# Task
All the lines below need to be output exactly, apart from any images.

# Stored data
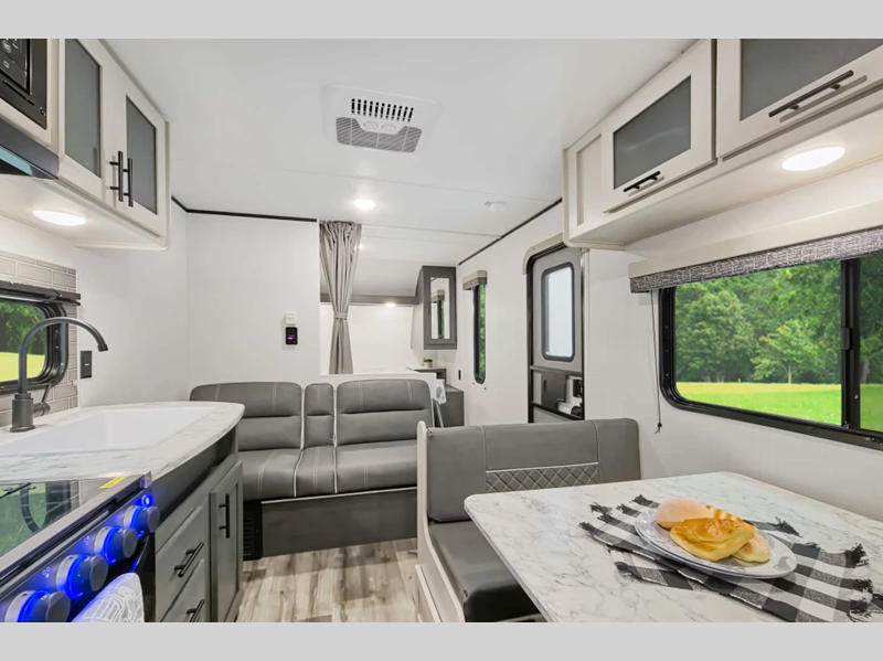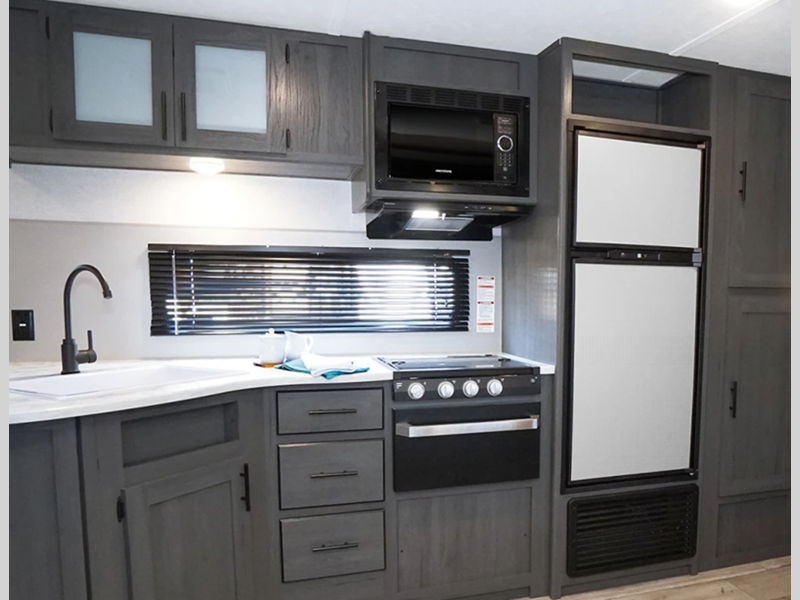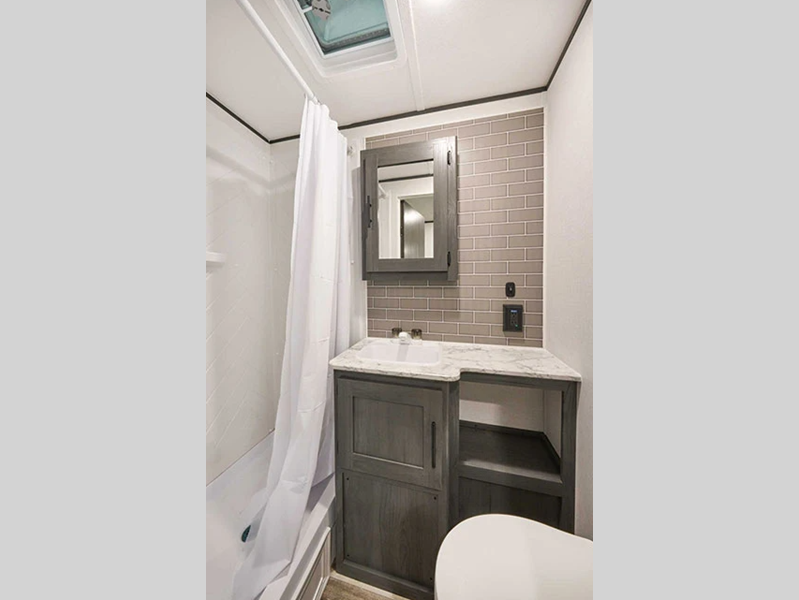Each is built with a heated and enclosed underbelly for added protection against the elements, plus there is a power tongue jack and electric stabilizer jacks for easy set up. The 6' 10" interior height inside will make your space feel more open, and the pleated night shades throughout will provide privacy and shade when needed.
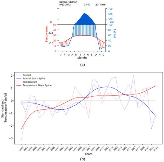 (a) Monthly data and annual trend; (b) trend of annual precipitation and temperature. Data collected from the Rampur meteorological station, Chitwan, Nepal (Source: [30]).
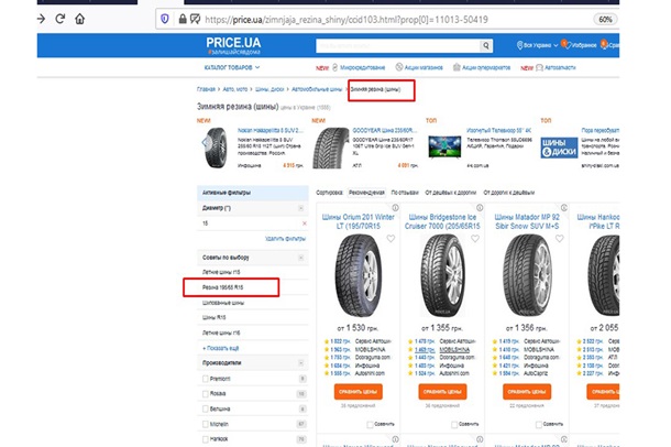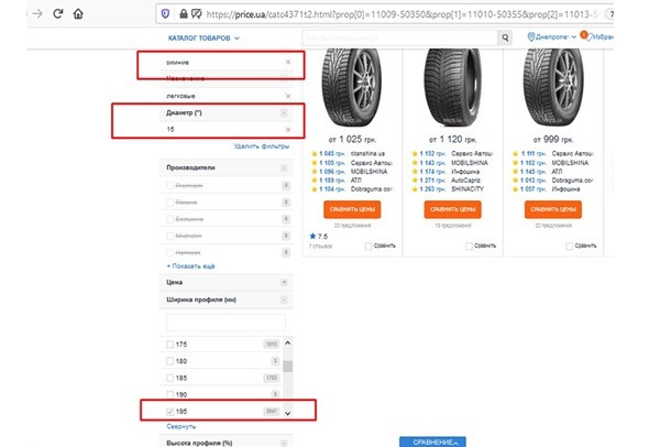 2. Тепер, на Price у розділі Автошини обираємо ці характеристики у блоці фільтрів:

# The answer
Each is built with a heated and enclosed underbelly for added protection against the elements, plus there is a power tongue jack and electric stabilizer jacks for easy set up. The 6' 10" interior height inside will make your space feel more open, and the pleated night shades throughout will provide privacy and shade when needed.
 (a) Monthly data and annual trend; (b) trend of annual precipitation and temperature. Data collected from the Rampur meteorological station, Chitwan, Nepal (Source: [30]).
 2. Тепер, на Price у розділі Автошини обираємо ці характеристики у блоці фільтрів:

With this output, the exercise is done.